• ASSIGNED TASK
Restate word for word the lines of the listing below, from its first line through the line with "Спорт 1956 года", without the pictures.

• GIVEN MATERIAL
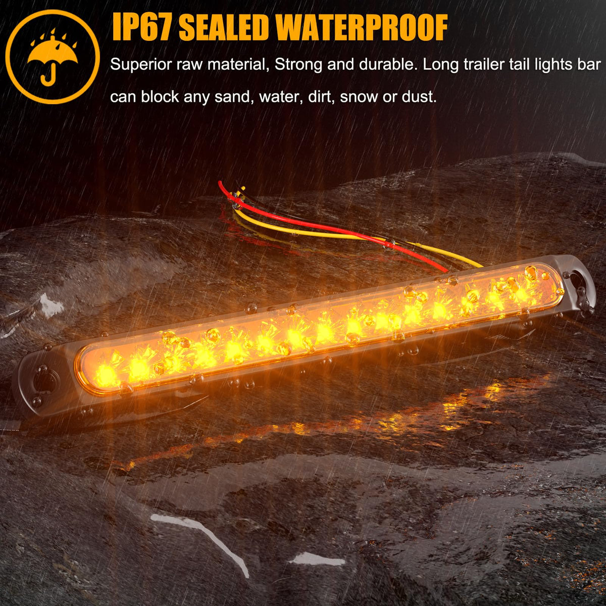 Functions: Functions as Marker Light, Side Marker Light, Turn Light, Turn Signal Light, Turn Flow Light, Sequential Turn Signal Light, Running Light, Tail Light, Clearance Marker or Identification light, etc | Utility&Brightness: Newly upgraded taillight has two amber lighting functions: Marker Running Light is constant light with 60% low brightness. Sequential Turn Signal Light is turning signals with 100% high brightness, which can alert the rear vehicles and people to avoid and ensure safety | Easier to Install after Upgrading: Surface mount. Left and right outward lead wire notch design can avoid opening wire holes. Glue seals the wire outlet to prevent short circuit. 3-wire connection: Black is Negative; Red is Marker Running Lights; Amber is Sequential Turn Signal Lights | Features: Ultra-slim Line LED Strip Signal Lamp with Smoked Lens, Super Brightness 15 Diodes LED Combination with Better Heat Distribution, Material: ABS Housing & Sealed Polycarbonate Lens, Dust-proof, IP67 Waterproof | Applications: For use on Heavy Duty Trucks (Peterbilt Freightliner Kenworth Mack Western Star), Semi Trailers, Cargo Trailers, Boat Trailers, work Vehicles and a Wide or Narrow Overland Vehicle Requiring Quality DOT Rated Lighting, Van, Bus, Pickup | Package: Included 2 x LED Tail Lights, 4x Screws, 4x Screws Caps
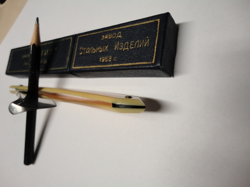 Спорт 1956 года выпуска - или вообще заводская заточка или точили буквально 1 раз и очень аккуратно, но склоняюсь больше к заводской. В комплекте и родной футляр того же 1956 года в таком же состоянии.
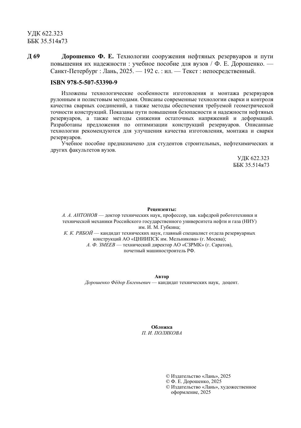Изложены технологические особенности изготовления и монтажа резервуаров рулонным и полистовым методами. Описаны современные технологии сварки и контроля качества сварных соединений, а также методы обеспечения требуемой геометрической точности конструкций. Показаны пути повышения безопасности и надежности нефтяных резервуаров, а также методы снижения остаточных напряжений и деформаций. Разработаны предложения по оптимизации конструкций резервуаров. Описанные технологии рекомендуются для улучшения качества изготовления, монтажа и сварки резервуаров. Учебное пособие предназначено для студентов строительных, нефтехимических и других факультетов вузов.

• RESULT
 Functions: Functions as Marker Light, Side Marker Light, Turn Light, Turn Signal Light, Turn Flow Light, Sequential Turn Signal Light, Running Light, Tail Light, Clearance Marker or Identification light, etc | Utility&Brightness: Newly upgraded taillight has two amber lighting functions: Marker Running Light is constant light with 60% low brightness. Sequential Turn Signal Light is turning signals with 100% high brightness, which can alert the rear vehicles and people to avoid and ensure safety | Easier to Install after Upgrading: Surface mount. Left and right outward lead wire notch design can avoid opening wire holes. Glue seals the wire outlet to prevent short circuit. 3-wire connection: Black is Negative; Red is Marker Running Lights; Amber is Sequential Turn Signal Lights | Features: Ultra-slim Line LED Strip Signal Lamp with Smoked Lens, Super Brightness 15 Diodes LED Combination with Better Heat Distribution, Material: ABS Housing & Sealed Polycarbonate Lens, Dust-proof, IP67 Waterproof | Applications: For use on Heavy Duty Trucks (Peterbilt Freightliner Kenworth Mack Western Star), Semi Trailers, Cargo Trailers, Boat Trailers, work Vehicles and a Wide or Narrow Overland Vehicle Requiring Quality DOT Rated Lighting, Van, Bus, Pickup | Package: Included 2 x LED Tail Lights, 4x Screws, 4x Screws Caps
 Спорт 1956 года выпуска - или вообще заводская заточка или точили буквально 1 раз и очень аккуратно, но склоняюсь больше к заводской. В комплекте и родной футляр того же 1956 года в таком же состоянии.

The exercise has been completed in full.